Несмотря на все муки и сомнения Крамского, занятия его в Академии, насколько их оценивали другие, а не он сам, шли превосходно. Он достиг необыкновенного совершенства в рисунке, сделался великим его мастером; он получал одну за другой все положенные медали, и на каждой академической выставке появлялись его работы. В 1860 году он выставил картину «Смертельно раненный Ленский», награжденную второй серебряной медалью, к этой картине прибавлена была заметка: «первый опыт собственного сочинения». В 1861 году выставлены были портреты товарищей: Венига, Корзухина, Чистякова, Крейтана и картина «Молитва Моисея по переходе израильтян через Чермное море»; в 1862 году – «Поход Олега на Царьград» и «Моисей источает воду из скалы». В этом же 1862 году Крамской сделал, по поручению профессора Маркова, до пятидесяти рисунков для купола храма Спасителя в Москве и восемь картонов в натуральную величину. Что это была за каторжная работа, видно из письма Крамского к Тулинову: «Представьте же себе, что площадь плафона – в две тысячи четыреста аршин – должна быть застлана картонами по частям; на этих картонах от центра должны быть разбиты градусы, и по этим градусам нужно было вычертить и рисовать, по эскизу Маркова, в ту величину, какая должна быть на месте, в храме. А величина вот какая: например, одна голова Бога-Отца семь аршин, ноготь на большом пальце руки пол-аршина, – а все кругом – херувимы и серафимы и облака, состоящие из херувимских головок. И вот, в продолжение года то ползая по полу, не разгибая спины, для градусов и вычерчиваний, то вырисовывая картоны, сверяя и примеряя, и все это без отдыха – нужно к сроку, – я о своем существовании даже забыл».

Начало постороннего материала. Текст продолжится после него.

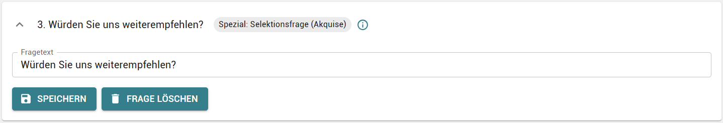 - Die Feedbackfrage muss im Fragebogen nach der Selektionsfrage platziert werden:
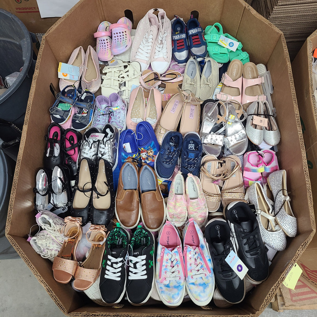 Wholesale kids shoes pallet from TargetIncludes various types of kids shoesShoes are for spring and summer seasonsMixed sizes and stylesContains sneakers, sandals, flip flops, and more95% brand new250 pairs per pallet$975 per pallet
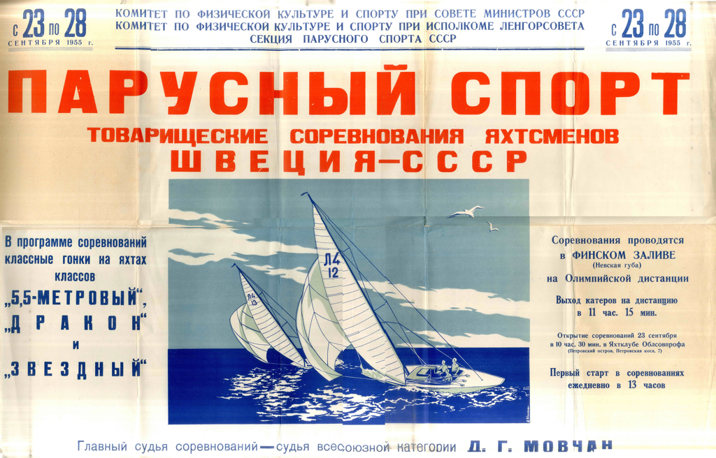 В августе 1955 года, гуляя по Ленинграду со своими двумя приятелями, я увидел афишу о первой в истории нашего города матчевой встрече в гонках на яхтах олимпийских классов со шведскими яхтсменами. К той же афише было прикреплено объявление, что производится запись желающих в детскую спортивную парусную школу (ДСПШ) яхт-клуба Облсовпрофа.
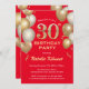 30th Birthday Red and Gold Glitter Balloons Invitation
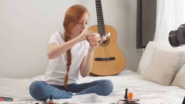 Gadis muda berambut merah duduk di depan kamera dan berbicara …
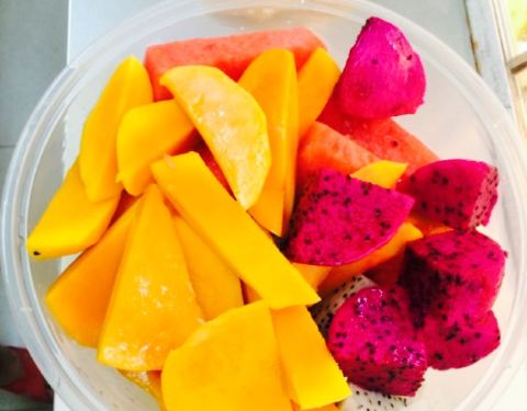 - 水果拼盘免费吃,一大盘西瓜,真是爽,这个天气吃火锅就西瓜还是很撘的。斑鱼滑说实在的没有虾滑鲜
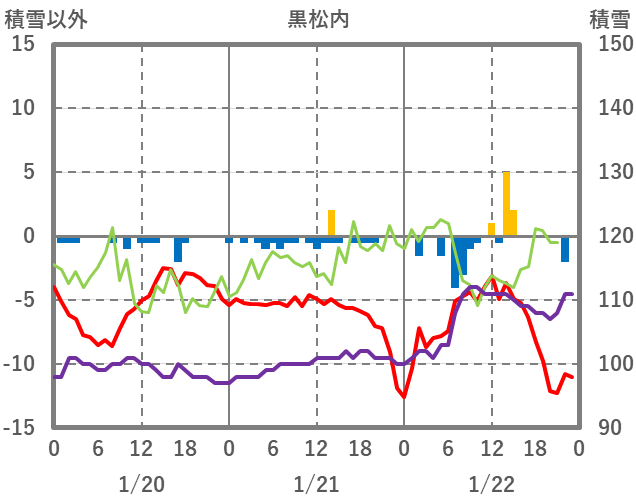 | 日 | 時 | 気温 | 降水 | 風向/風速 | 日照 | 積雪 | 降雪 |

В этом же году, то есть в 1862-м, Крамской вместе с некоторыми товарищами был приглашен в качестве преподавателя в рисовальную школу Общества поощрения художников, помещавшуюся в то время в здании Биржи. О его преподавательской деятельности мы скажем ниже.

В 1863 году Крамской должен был кончить курс в Академии. Предстоял конкурс на золотую медаль, и удостоенный ее ученик получал право шестилетнего пребывания за границей на счет Академии. На стороне Крамского были все шансы. Но здесь случилось событие, повлиявшее на всю последующую жизнь его и его товарищей. В числе четырнадцати[2 - В последний момент отказался от протеста П. Заболотский, а к протестующим присоединился скульптор В. П. Крейтан.] человек они отказались от конкурса на заданную тему и вышли из Академии.

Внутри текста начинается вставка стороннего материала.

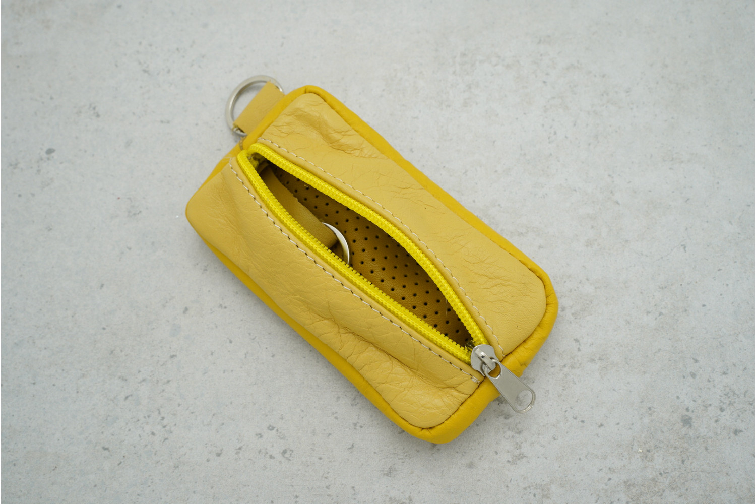 Ключниця OS.9 зі шкіри бежево-жовтого кольору (двостороння, 130×80 мм) — практичний аксесуар для зручного та охайного зберігання ключів у повсякденному користуванні.
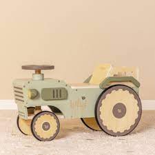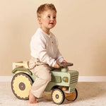 Hey there, little farmer! Get your tractor started and explore the charming little farm. Step by step, you'll learn how to walk, and this wooden walking tractor will be there to help you along the way. Imagine having your own farm—growing crops, taking care of chickens and cows—all while riding your very own tractor. The walking tractor with 4 wheels serves as both a seated ride-on toy and a stability aid for those first steps. Your little one can comfortably sit on the tractor, holding onto the steering wheel for support. When ready, the walker will help stabilize your child, enhancing motor skills and balance. The compartment at the back of the tractor provides a convenient space to collect and store favourite toys. Whether it's small plush animals, building blocks, or other playthings, the compartment encourages organization and adds an interactive element to playtime. Thanks to the rubber strips on the wheels, you won't have to worry about your floor when your child is on a farm adventure. Watch as your little one joyfully navigates the world, one step at a time.

Причины, подготовившие это событие, следует искать в общих веяниях того горячего времени. Критический дух конца пятидесятых и начала шестидесятых годов, этого периода общего пересмотра и переоценки старых дореформенных порядков, не мог не проникнуть в Академию. После того как перестали набирать казеннокоштных учеников, обыкновенно с десятилетнего возраста воспитывавшихся в традициях псевдоклассического искусства, сюда со всех сторон России потянулись люди различных сословий и возрастов, влекомые любовью к искусству и жаждой систематического художественного образования. В описываемую нами горячую эпоху широких задач и новых идеалов люди эти не могли не внести с собой в стены Академии частицы того, что совершалось за пределами этих стен. Выхваченные из общества, переживавшего в то время период высокого подъема духа, они вносили с собой освежающую волну новых веяний. Прилагая к академической схоластике всюду носившийся и во все щели проникавший дух критики и отрицания авторитетов, они не могли оставаться покорными исполнителями давно практиковавшихся порядков. Постепенно вырабатывалось у них самосознание и определялся собственный их взгляд на роль художника в обществе, на его права и обязанности. На усиленное биение общественного пульса они отозвались широким размахом молодых стремлений. Зараженные духом смелости и инициативы, верой в новые идеалы и возможностью осуществить их собственными силами, они мечтали о создании на развалинах псевдоклассики своей собственной, новой, молодой русской школы живописи и в противоположность царившему в Академии искусству Запада назвали ее «национальной». Освобождение крестьян, обратившее взоры русской интеллигенции на жизнь меньшей братии, не могло не повлиять на направление симпатий молодых художников и остановило их выбор на сюжетах из бытовой жизни. Чаще и чаще стали появляться среди их внеклассных работ картинки жанра.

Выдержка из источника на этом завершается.